How to extract a piece of text occurring before a certain type of formatting in html?
Hi community
Beginner here, I've tried my best to figure it out but unfortunately haven't cracked the case.
I have a piece of software that outputs text in html with certain words in red. I need to get a document full of the immediately preceding word to all red words.
For example, I need to get this word and also that word as output.

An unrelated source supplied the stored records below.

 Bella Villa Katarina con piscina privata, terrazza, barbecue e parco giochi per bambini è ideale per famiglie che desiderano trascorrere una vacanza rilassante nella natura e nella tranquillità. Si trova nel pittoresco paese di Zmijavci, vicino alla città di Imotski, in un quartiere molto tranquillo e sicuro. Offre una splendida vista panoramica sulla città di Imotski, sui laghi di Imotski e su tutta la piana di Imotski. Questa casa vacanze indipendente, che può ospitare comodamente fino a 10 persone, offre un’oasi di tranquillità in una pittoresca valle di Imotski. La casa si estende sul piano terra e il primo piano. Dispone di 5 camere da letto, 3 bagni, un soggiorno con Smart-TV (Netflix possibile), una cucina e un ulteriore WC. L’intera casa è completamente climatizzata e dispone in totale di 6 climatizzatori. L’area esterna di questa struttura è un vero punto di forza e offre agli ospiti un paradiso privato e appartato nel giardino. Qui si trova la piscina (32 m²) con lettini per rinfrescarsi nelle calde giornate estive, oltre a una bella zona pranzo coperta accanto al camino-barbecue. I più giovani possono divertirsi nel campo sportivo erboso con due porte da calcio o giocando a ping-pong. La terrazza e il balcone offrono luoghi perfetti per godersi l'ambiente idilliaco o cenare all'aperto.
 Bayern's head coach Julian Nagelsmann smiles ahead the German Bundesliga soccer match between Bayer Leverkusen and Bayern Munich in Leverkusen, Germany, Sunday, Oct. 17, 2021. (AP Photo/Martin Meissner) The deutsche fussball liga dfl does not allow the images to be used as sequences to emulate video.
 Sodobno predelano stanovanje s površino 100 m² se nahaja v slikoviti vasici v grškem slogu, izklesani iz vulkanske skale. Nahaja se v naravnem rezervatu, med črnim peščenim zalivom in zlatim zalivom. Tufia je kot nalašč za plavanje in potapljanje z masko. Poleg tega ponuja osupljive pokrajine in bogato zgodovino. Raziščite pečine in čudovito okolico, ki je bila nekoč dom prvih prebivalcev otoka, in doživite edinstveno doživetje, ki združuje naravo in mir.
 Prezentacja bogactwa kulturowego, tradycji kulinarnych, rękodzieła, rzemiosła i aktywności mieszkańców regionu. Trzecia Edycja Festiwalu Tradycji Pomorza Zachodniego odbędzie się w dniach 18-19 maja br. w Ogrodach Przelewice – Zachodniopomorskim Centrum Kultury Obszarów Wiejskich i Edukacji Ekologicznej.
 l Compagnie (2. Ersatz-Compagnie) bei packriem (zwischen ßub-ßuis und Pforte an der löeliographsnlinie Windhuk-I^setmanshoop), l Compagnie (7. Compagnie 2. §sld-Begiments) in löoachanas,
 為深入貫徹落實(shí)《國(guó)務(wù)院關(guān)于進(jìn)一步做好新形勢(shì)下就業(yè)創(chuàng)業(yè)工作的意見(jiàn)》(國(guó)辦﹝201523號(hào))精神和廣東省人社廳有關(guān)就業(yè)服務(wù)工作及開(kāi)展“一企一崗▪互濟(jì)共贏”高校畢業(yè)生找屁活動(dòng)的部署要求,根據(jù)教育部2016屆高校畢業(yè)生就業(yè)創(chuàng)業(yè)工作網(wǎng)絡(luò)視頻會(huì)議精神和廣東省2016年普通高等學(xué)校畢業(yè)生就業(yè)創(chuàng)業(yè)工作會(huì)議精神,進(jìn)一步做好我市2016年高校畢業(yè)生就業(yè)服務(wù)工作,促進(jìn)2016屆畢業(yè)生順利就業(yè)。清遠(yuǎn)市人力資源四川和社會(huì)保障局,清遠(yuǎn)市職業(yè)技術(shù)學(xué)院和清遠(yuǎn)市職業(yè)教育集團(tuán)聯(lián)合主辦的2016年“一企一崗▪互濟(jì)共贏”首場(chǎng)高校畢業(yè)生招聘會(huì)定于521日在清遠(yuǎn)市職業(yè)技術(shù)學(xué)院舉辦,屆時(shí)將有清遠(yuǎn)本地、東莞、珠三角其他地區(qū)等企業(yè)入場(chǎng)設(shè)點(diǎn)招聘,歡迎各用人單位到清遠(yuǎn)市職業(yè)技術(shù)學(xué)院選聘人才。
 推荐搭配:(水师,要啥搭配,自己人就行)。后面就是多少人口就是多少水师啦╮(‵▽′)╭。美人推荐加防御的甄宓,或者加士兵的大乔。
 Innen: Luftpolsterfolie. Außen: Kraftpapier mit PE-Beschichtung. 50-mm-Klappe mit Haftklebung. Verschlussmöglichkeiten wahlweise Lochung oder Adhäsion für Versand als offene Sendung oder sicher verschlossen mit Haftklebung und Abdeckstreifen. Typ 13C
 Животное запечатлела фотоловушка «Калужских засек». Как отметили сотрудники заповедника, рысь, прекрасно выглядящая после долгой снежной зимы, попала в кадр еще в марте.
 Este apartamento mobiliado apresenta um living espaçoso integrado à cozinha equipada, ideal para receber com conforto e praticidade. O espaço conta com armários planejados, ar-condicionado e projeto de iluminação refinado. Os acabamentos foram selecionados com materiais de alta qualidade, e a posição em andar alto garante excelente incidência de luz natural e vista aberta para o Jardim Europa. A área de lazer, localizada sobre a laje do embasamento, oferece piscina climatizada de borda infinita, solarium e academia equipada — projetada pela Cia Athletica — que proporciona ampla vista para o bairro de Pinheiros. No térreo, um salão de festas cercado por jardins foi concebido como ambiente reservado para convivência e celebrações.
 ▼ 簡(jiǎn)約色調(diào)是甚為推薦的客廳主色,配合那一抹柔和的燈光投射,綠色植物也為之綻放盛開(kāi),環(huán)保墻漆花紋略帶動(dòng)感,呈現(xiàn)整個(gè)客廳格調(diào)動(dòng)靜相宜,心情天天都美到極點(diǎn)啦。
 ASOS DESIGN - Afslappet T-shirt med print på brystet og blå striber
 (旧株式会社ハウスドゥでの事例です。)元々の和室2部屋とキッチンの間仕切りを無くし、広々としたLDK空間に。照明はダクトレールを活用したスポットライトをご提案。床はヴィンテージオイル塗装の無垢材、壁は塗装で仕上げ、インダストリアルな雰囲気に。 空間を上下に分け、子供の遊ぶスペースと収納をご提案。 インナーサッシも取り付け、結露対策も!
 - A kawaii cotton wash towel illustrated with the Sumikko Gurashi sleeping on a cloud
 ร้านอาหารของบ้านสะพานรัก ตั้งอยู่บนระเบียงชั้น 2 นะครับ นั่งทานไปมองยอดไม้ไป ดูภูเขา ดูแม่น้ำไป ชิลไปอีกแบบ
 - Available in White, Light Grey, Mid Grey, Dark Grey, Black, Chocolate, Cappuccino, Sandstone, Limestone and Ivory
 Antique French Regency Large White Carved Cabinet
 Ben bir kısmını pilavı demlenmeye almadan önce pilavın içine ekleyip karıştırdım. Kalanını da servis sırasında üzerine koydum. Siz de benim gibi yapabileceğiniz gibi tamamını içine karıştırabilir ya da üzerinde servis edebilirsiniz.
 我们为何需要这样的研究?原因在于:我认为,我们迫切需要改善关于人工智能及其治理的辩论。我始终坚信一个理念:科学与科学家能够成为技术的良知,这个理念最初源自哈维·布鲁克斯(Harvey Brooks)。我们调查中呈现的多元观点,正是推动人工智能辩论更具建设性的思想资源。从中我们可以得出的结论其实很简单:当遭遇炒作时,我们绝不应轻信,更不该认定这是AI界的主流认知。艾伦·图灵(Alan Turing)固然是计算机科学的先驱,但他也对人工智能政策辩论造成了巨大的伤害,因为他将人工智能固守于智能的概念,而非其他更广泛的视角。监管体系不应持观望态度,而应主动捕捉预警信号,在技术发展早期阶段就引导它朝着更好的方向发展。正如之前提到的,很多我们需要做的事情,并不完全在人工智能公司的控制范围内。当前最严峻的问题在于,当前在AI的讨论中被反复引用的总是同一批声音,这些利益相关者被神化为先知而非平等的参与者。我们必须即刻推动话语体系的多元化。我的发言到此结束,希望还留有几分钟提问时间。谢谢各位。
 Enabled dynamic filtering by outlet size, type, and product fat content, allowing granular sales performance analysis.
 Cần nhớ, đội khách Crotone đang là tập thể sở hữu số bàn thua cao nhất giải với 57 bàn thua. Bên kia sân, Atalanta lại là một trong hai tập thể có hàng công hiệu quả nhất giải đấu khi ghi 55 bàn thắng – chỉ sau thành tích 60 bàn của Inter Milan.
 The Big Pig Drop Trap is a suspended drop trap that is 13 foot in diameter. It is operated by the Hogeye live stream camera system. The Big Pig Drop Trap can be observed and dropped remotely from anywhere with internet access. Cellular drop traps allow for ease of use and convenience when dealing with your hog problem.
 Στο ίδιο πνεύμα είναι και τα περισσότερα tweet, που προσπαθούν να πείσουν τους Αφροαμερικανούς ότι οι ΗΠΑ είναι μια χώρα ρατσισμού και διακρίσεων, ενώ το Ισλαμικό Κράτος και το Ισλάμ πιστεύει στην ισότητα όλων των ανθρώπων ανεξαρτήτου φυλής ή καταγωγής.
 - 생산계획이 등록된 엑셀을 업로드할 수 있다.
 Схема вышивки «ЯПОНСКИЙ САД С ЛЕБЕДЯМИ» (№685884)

Here is an example extract of the software output:
<span class=span-black><span lang=EN-ZA style='font-size:10.0pt;line-height:107%;
font-family:"FreeSans",serif;color:#4E4E4A'>substantial</span></span><span
class=apple-converted-space><span lang=EN-ZA style='font-size:10.0pt;
line-height:107%;font-family:"FreeSans",serif;color:#4E4E4A'> </span></span><span
class=span-red><span lang=EN-ZA style='font-size:10.0pt;line-height:107%;
font-family:"FreeSansBold",serif;color:#E74E31'>challenges</span></span><span
class=apple-converted-space><span lang=EN-ZA style='font-size:10.0pt;
line-height:107%;font-family:"FreeSans",serif;color:#4E4E4A'> </span></span><span
class=span-black><span lang=EN-ZA style='font-size:10.0pt;line-height:107%;
font-family:"FreeSans",serif;color:#4E4E4A'>in</span></span>
As you can see, it is quite messy (a random in between each word).
In this extract, challenges is the flagged word and I need to output substantial. In a document there are a few hundred red words.
Is there any way I can accomplish this in RapidMiner? I've tried using Cut Document, Documents to Data. Also the Rosette Text Analytics and Information-Extraction extensions, but I'm quite lost.
Thanks!